Let me finish answering first. Even if we park the fact that it would cost around £2 billion a year to reverse the policy decision, it is based on fairness, because the idea is that those who are in receipt of benefits should have to make the same life choices—
The hon. Lady is conflating two issues. She is conflating the two-child policy, in and of itself, which is a matter of fairness—it is about putting those who are in receipt of benefits in the same position as those who are not, when it comes to facing life choices—with what she refers to as the rape clause, which I refer to as the non-consensual sex exemption. That is exactly why we have that exemption in place.
I am interested in how a policy that, as the hon. Member for East Renfrewshire said, affects only a very small number of people can be unsustainable. We know that all money put into early years represents a saving over a child’s lifetime, particularly for those children who are in the sharpest financial straits because of their family circumstances. Those are, of course, no fault of the child, so how can this be a matter of fairness?
To pick up on the point about the rape clause—non-consensual sex is rape—how can it possibly be fair that at a time when we have a conviction rate of less than 1.6%, women are being asked to re-traumatise themselves, not only through the justice system, but in accessing the support that their families need?
Again, on this particular policy, we are not going to agree. It is one of many issues on which the hon. Member for Warrington North and the hon. Member for East Renfrewshire will not agree with me, and I understand that. They say, “It is not very much money. It is a very small policy—it is £2 billion here.” If I add up in my head the cost of the policies that the hon. Ladies have said over the past half hour that they would like to bring in, it comes to more than £15 billion, plus inflation at the consumer prices index rate, every year for ever more. We should bear in mind that we already spend around £100 billion a year on benefits supporting working-age people. This is probably a debate for another day. I think that the position is very much one of fairness, but I have no doubt that the hon. Member for East Renfrewshire will continue to champion this cause and campaign on the matter.

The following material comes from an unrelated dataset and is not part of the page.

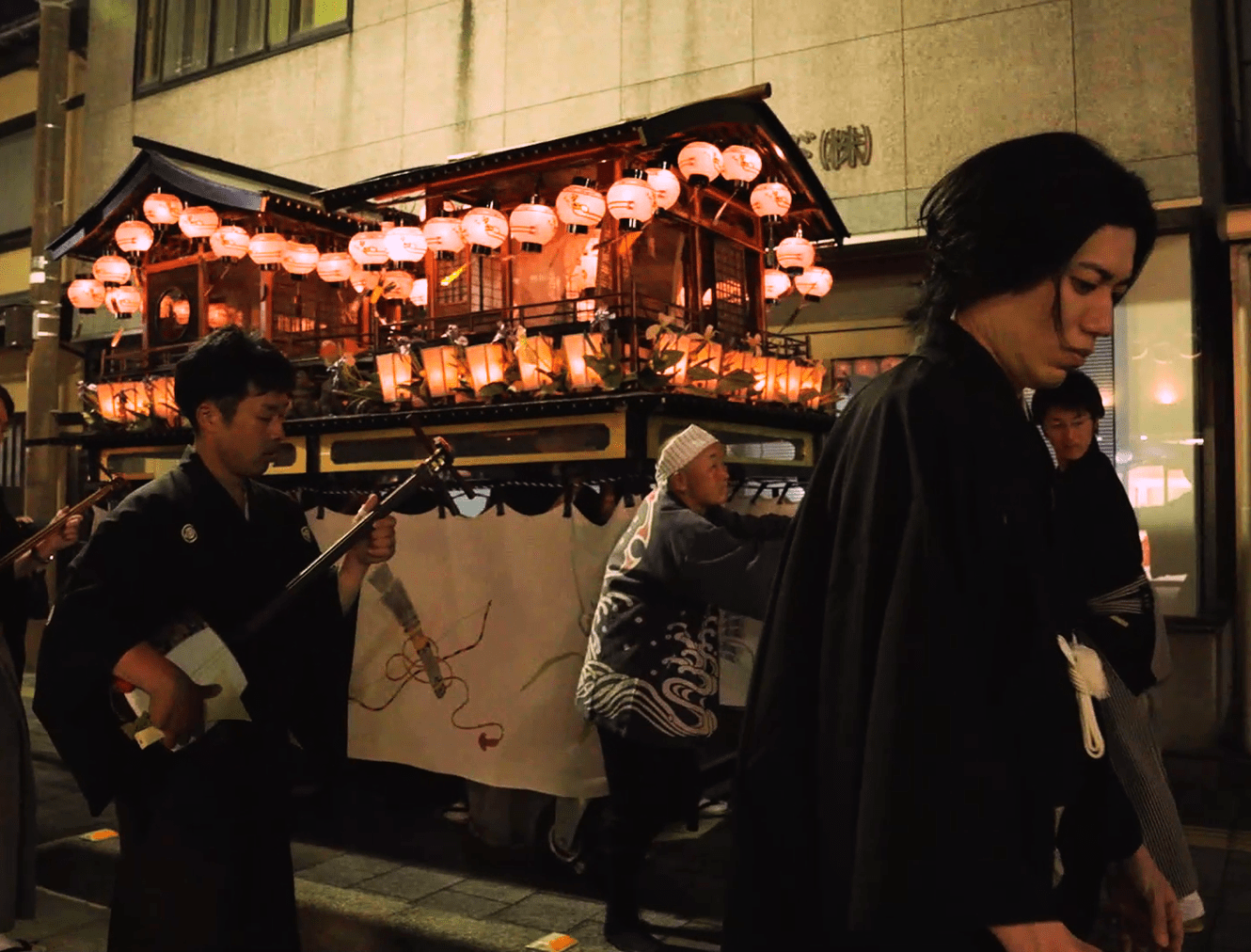 On the iori-yatai, performers play traditional instruments such as the shinobue (bamboo flute), taiko (drums), and shamisen while singing "iori-uta,” a refined style of song that traces its origins to Edo hauta (short lyrical songs), creating an elegant atmosphere. Following these are the lacquered hikiyama, adorned with elaborate carvings and gold leaf. These floats are masterpieces of craftsmanship by local artisans and are often referred to as "moving works of art.”

Our full focus must be on recovering from the challenges that the covid pandemic has created. We have protected all the jobs we could through the furlough scheme, and we are now pivoting towards getting people back into work and progressing in work through our plan for jobs. We are also focusing on ensuring that our children can catch up on their missed education and giving young people the right opportunities to get a foot in the labour market.
It is absolutely right that as the country begins to recover from the effects of the pandemic, we ensure that the welfare state continues to support the most disadvantaged in our society. As we have done throughout the past 16 months, we will continue to assess how best to target taxpayers’ money on support for the most vulnerable families beyond the pandemic.